Most web scraping tutorials show how to extract data using simple HTTP requests.

In many cases, this works; the server responds with a full HTML page containing all the content. You parse it, extract what you need, and you’re done.

But this approach fails completely on JavaScript-heavy websites. Instead of returning usable content, you get an empty shell; no text, no data, just a basic HTML structure.

Static vs. JavaScript-Rendered Content

Websites generally fall into two categories:

🏗️ Static Websites: The entire HTML is sent by the server and contains all the data needed. You can scrape them easily with requests and BeautifulSoup.

⚙️ JavaScript-Rendered Websites: The server sends a minimal HTML structure; JavaScript loads additional content dynamically, often fetching data through API calls.

For JavaScript-heavy sites, traditional scrapers only receive the initial HTML, which does not include the content generated after JavaScript execution. This is why scraping methods that can execute JavaScript and wait for the final content are necessary.

How JavaScript Alters the Scraping Process

When a browser loads a JavaScript-heavy website, the process works like this:

  1. The browser sends an initial request to the server, which responds with a basic HTML structure.
  2. The browser loads and executes JavaScript, which triggers additional API requests.
  3. The page updates dynamically, injecting new content into the DOM (Document Object Model).
  4. Only after JavaScript execution is complete does the page contain all the data you see.

A simple HTTP request never triggers this JavaScript execution, meaning scrapers miss most of the page’s content.

💡 Because JavaScript execution doesn’t happen instantly, when scraping JS-rendered websites you’ll probably also need to ask your scraper to wait for a few seconds or until the website is done loading.

Let’s Give It a Try (and Fail)

Before we explore the right solutions, let’s attempt the simplest scraping approach and see why it fails on JavaScript-heavy websites. This will also serve as our setup guide, ensuring you have everything ready to follow along.

Setting Up the Environment

Ensure you have Python installed (3.7+ recommended). We’ll also need a few essential libraries, which can be installed using:

pip install requests beautifulsoup4
  • requests allows us to send HTTP requests and retrieve raw HTML.
  • beautifulsoup4 is commonly used for parsing and extracting data from HTML documents.

Since Oscars happened just last week, we’ll be working with this example page, which lists Oscar-winning films from 2015. .

This page does not include any movie data in its initial HTML. Instead, it dynamically loads film titles, nominations, and awards when a user selects a year.

The data is fetched using JavaScript and displayed in the table after the page loads.
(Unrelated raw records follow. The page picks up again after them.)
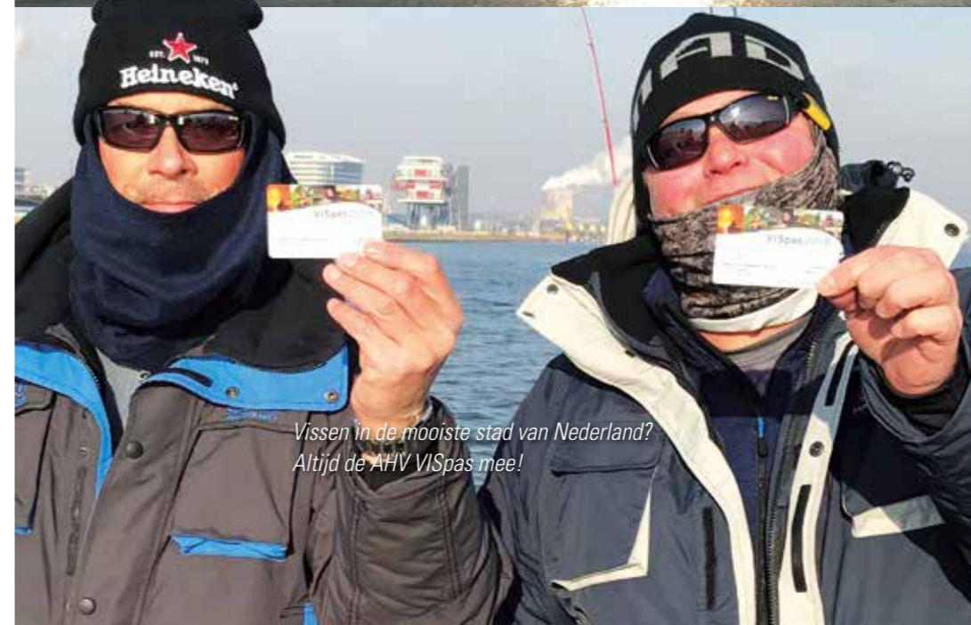
Vissen in de mooiste stad van Nederland? Altijd de AHV VISpas mee!
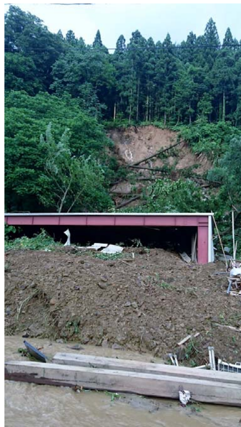
▲ 土砂崩れによる被害（東川口地区）
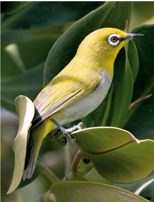
269 Oriental White-eye / Indische Brilvogel Zosterops palpebrosus , Koor-e Azini, Hormozgan, Iran, 3 March 2009 (Maysam Ghasemi)
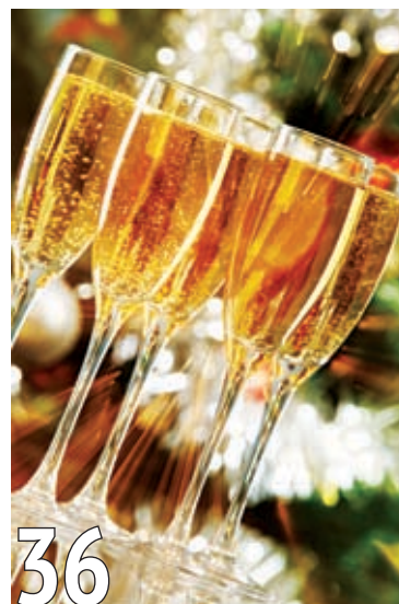
Помогаем печени пережить праздники
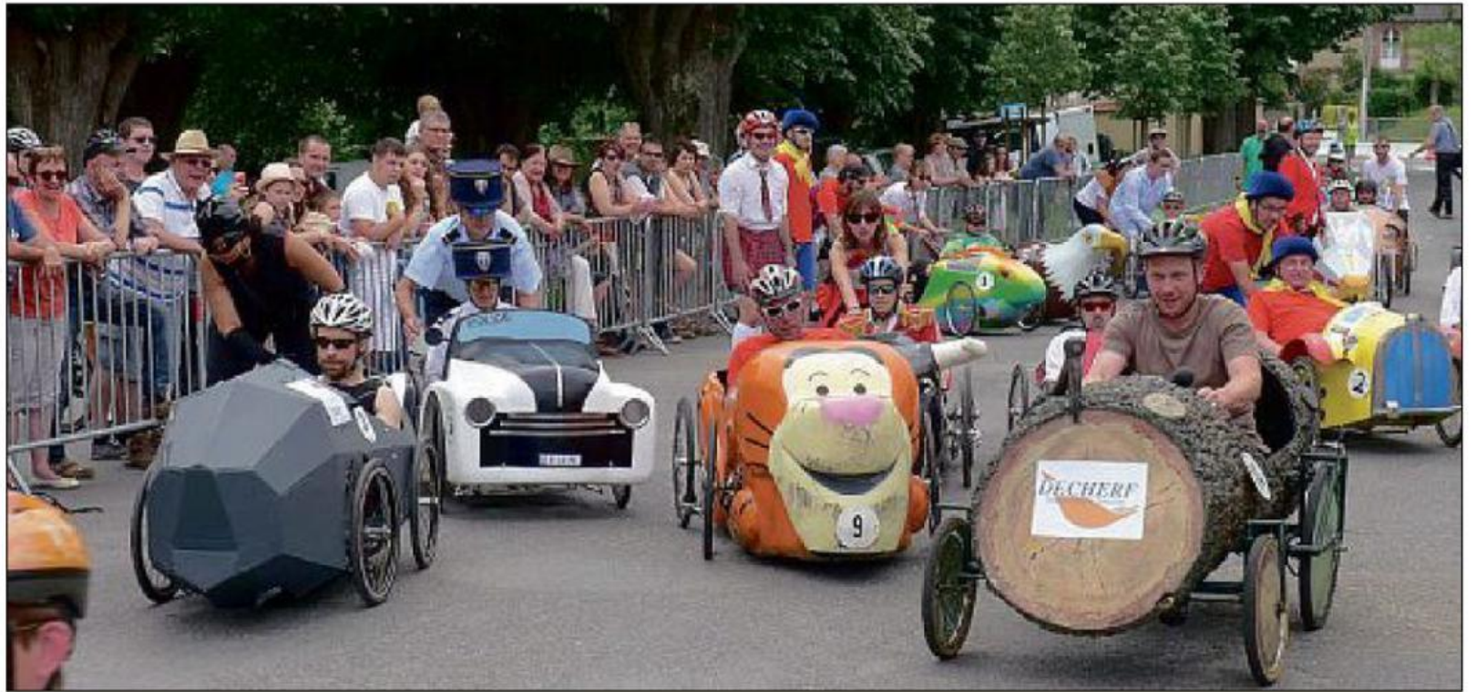
18 voitures à pédales étaient sur la ligne de départ samedi.

L'association Activités canines Sologne, basée à Autry, a seulement un an d'existence et se consacre à conseiller et guider ses adhérents dans l'éducation de leurs chiens afin de mieux se préparer à la participation de concours. Le club espère pour la prochaine fête du pain organiser une compétition
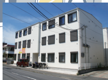
2021 年オープン みらいえ相模原共和
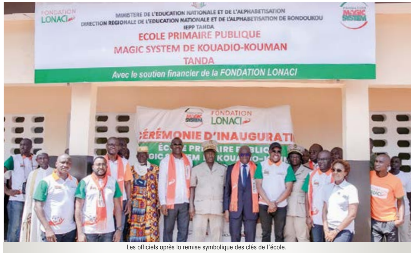
Les officiels après la remise symbolique des clés de l'école.
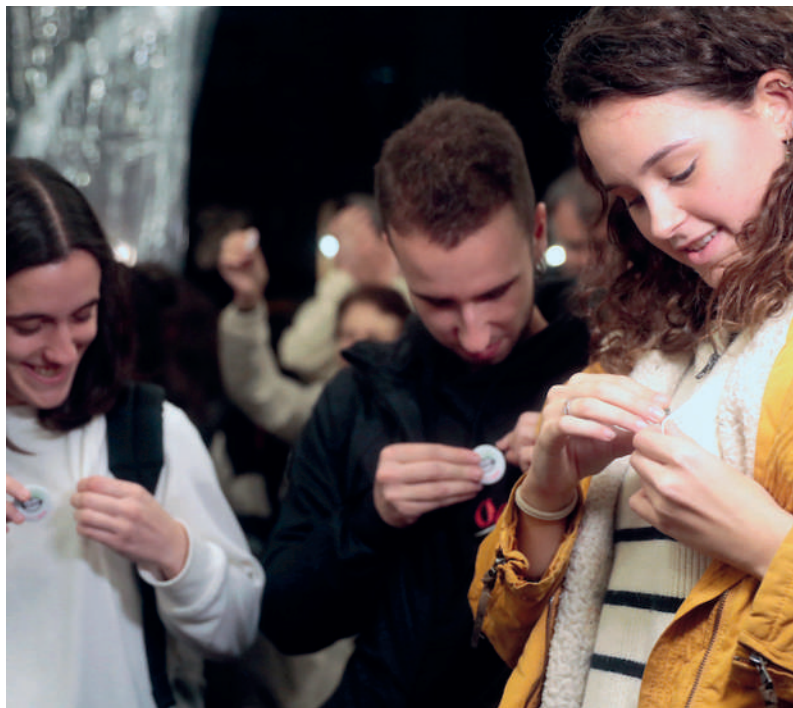
Hainbat herritar, Euskaraldiko txapak soinean jartzen. JOSEBA PARRON
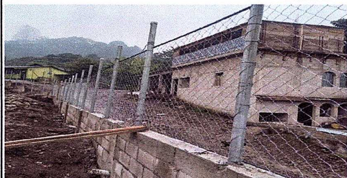
FOTO 1 SUSTITUCION DE MAYA PARA LA CIRCULACION
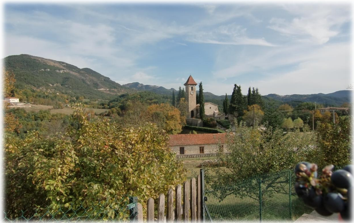
De vierkante donjontoren van de 13 de eeuwse Saint-Rochkerk is het enige middeleeuwse erfgoed dat over gebleven is. De spits zelf bestaat uit gelakte tegels.
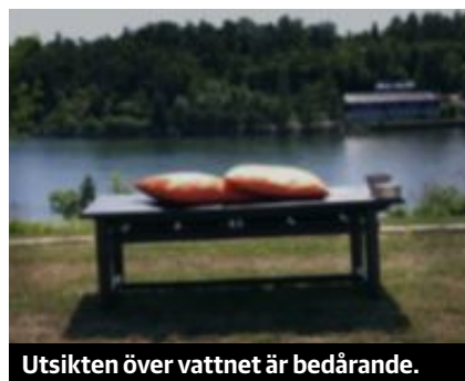
Utsikten över vattnet är bedårande.
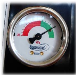
Manometro che indica quando pulire i filtri
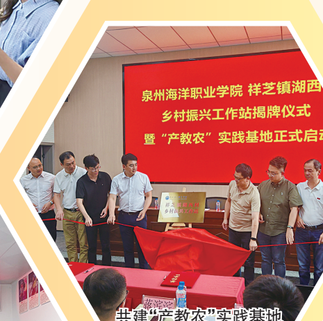
共建“产教农”实践基地

If we try to scrape this page using a simple request, we should expect to see movie details in the response.

But will we?

Let’s find out.

Basic Request

This is the simplest request you can send using requests.

import requests

url = "https://www.scrapethissite.com/pages/ajax-javascript/#2015"
response = requests.get(url)

print(response.text)

If we send the request like this, here’s the output we get for the table section:

In the HTML response, the code for the table is there, but as you can see the table body is empty.

This happens because the website fetches movie details asynchronously using JavaScript, meaning a standard HTTP request won’t execute the necessary JavaScript to load the data.

This confirms that we need a different approach, one that waits for JavaScript execution before extracting the data.

So let’s review the top tools and methods we can use (and how to use them) to load JS-rendered pages.

1. Requests-HTML (most basic)

Now that we’ve confirmed a basic request doesn’t work, let’s start with the simplest method to execute JavaScript: Requests-HTML. This is a lightweight Python library that extends requests with a built-in headless browser for JavaScript execution.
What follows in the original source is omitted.